## Supplied entries

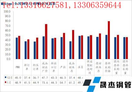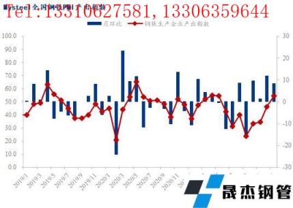 1月份,全國鋼鐵行業(yè)無縫厚壁鋼管廠家產(chǎn)出指數(shù)較12月份回升8.4個百分點,終值54.7。具體來看,進入1月份,各地對長流程無縫厚壁鋼管廠家限產(chǎn)政策明顯放松,各地高爐陸續(xù)復產(chǎn),粗鋼產(chǎn)量明顯回升。至后半月,隨著春節(jié)假期臨近,短流程無縫厚壁鋼管廠家陸續(xù)放假,無縫厚壁鋼管廠家產(chǎn)量小幅回落。整體而言,1月份國內(nèi)鋼鐵產(chǎn)出明顯回升。
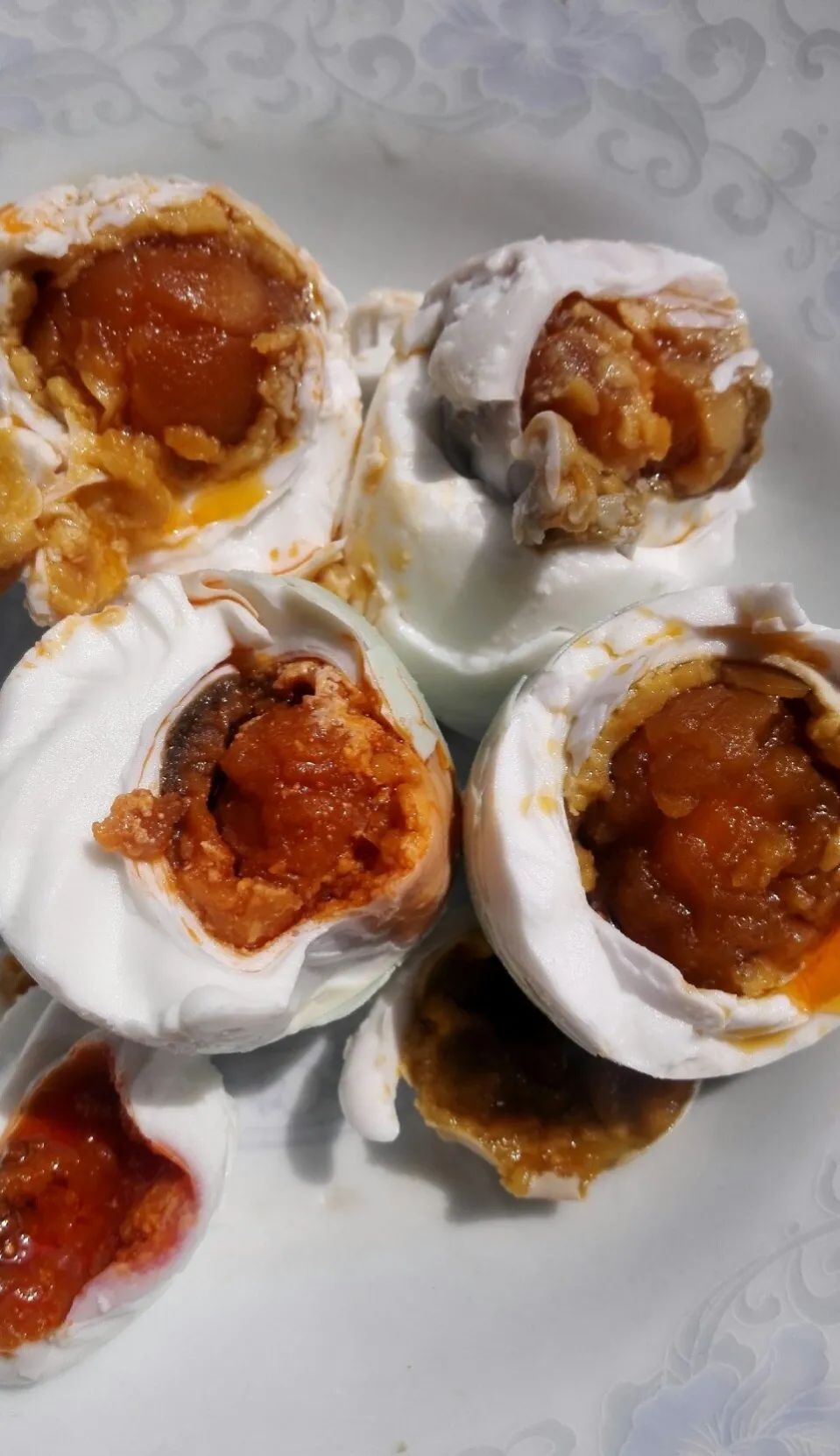 生活在微山湖中的鸭子诞下的鸭蛋经过人们独家秘制后,煮熟便成青衣白瓤、鲜嫩可口、咸淡适中、满心流油、人见人爱、花见花开!一切四瓣,就着馒头、酒吃,即便是没有大鱼大肉,心里也会暖暖的!
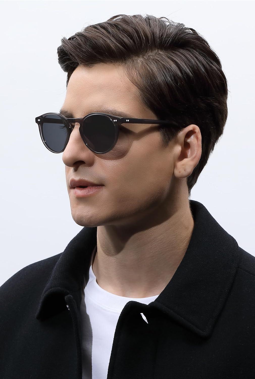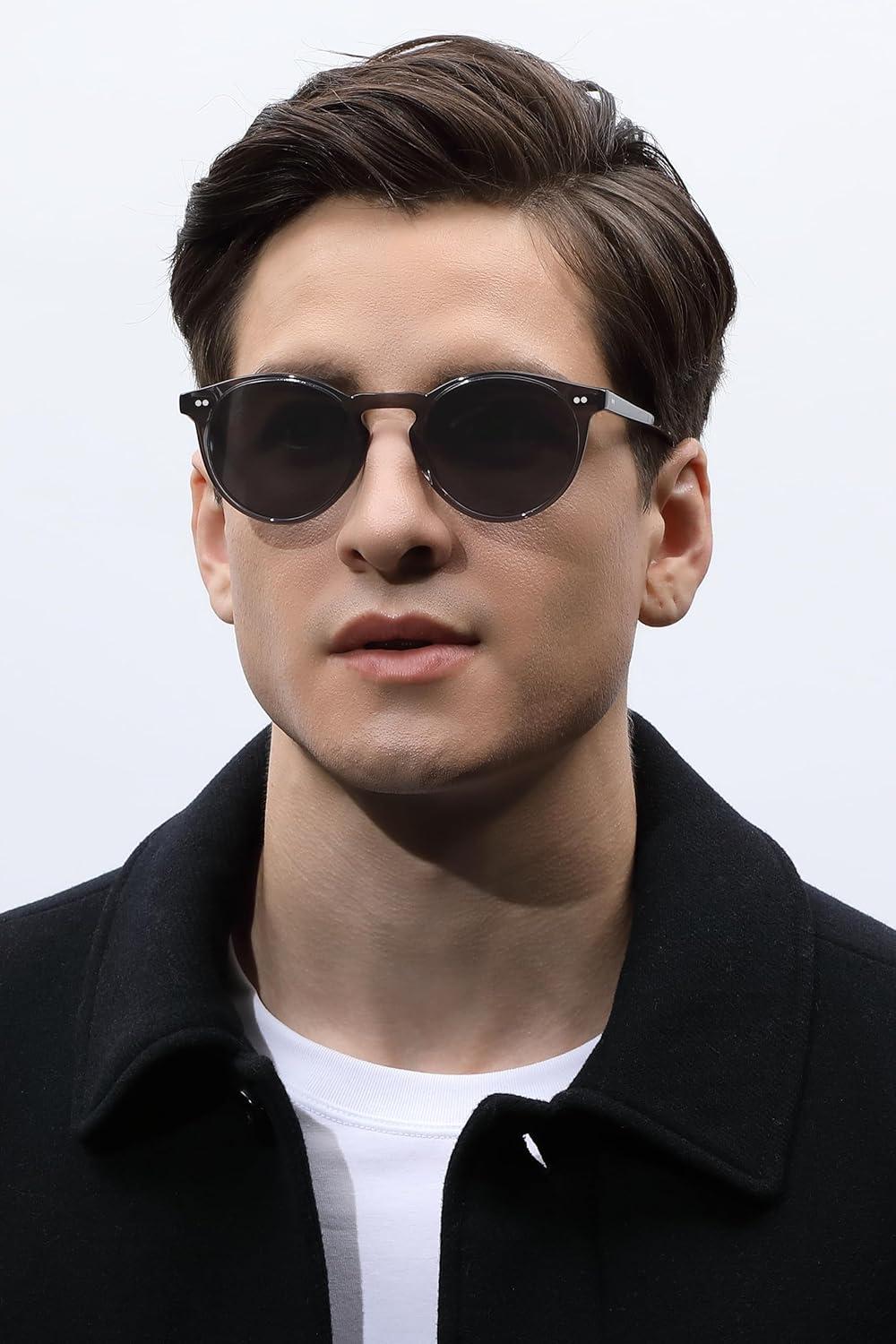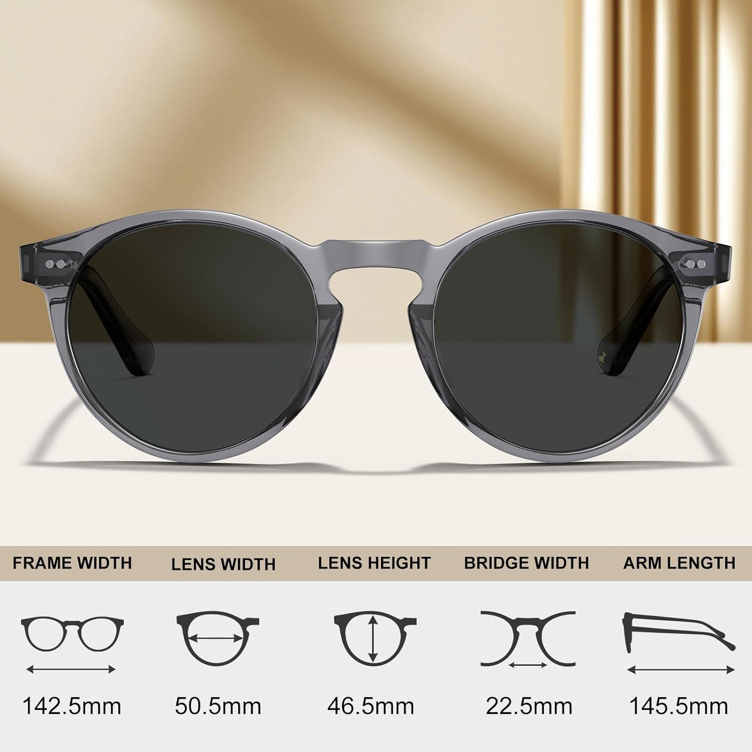 CARFIA Acetate Vintage Round Polarized Sunglasses for Men UV400 Lenses Hand-crafted Frame(6. Transparent Grey Frame Grey Lens)
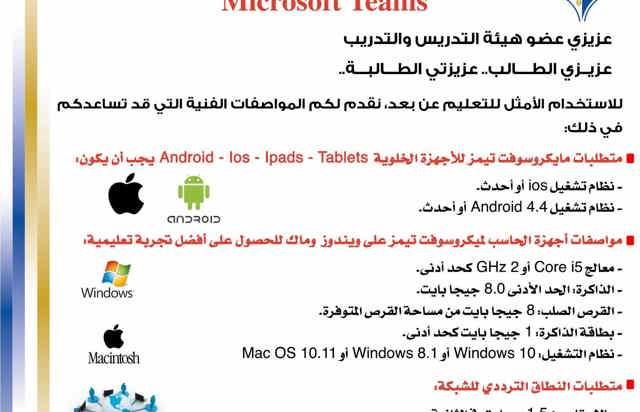 متطلبات نظام مايكروسوفت تيمز لاعضاء هيئة التدريس والتدريب وطلبة الهيئة
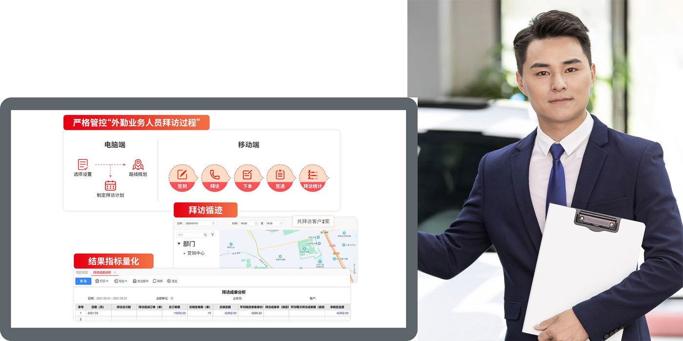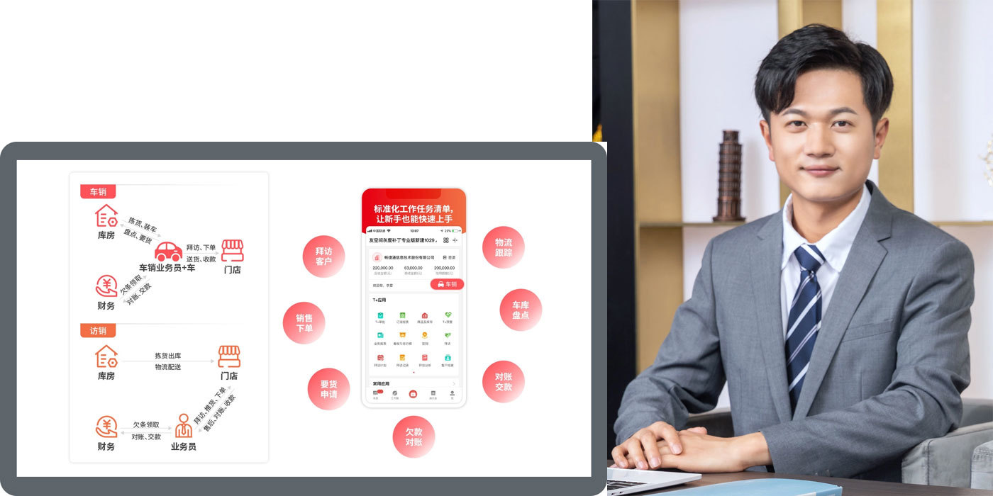 【跑店有计划】拜访客户有计划,车销访销过程有标准,手机端下单对账收款,工作更方便。

## Work instruction
Could you set down verbatim the lines from the beginning of the entries above through the line containing "生活在微山湖中的鸭子诞下的鸭", both included, leaving out the pictures?

## Result for this task
 1月份,全國鋼鐵行業(yè)無縫厚壁鋼管廠家產(chǎn)出指數(shù)較12月份回升8.4個百分點,終值54.7。具體來看,進入1月份,各地對長流程無縫厚壁鋼管廠家限產(chǎn)政策明顯放松,各地高爐陸續(xù)復產(chǎn),粗鋼產(chǎn)量明顯回升。至后半月,隨著春節(jié)假期臨近,短流程無縫厚壁鋼管廠家陸續(xù)放假,無縫厚壁鋼管廠家產(chǎn)量小幅回落。整體而言,1月份國內(nèi)鋼鐵產(chǎn)出明顯回升。
 生活在微山湖中的鸭子诞下的鸭蛋经过人们独家秘制后,煮熟便成青衣白瓤、鲜嫩可口、咸淡适中、满心流油、人见人爱、花见花开!一切四瓣,就着馒头、酒吃,即便是没有大鱼大肉,心里也会暖暖的!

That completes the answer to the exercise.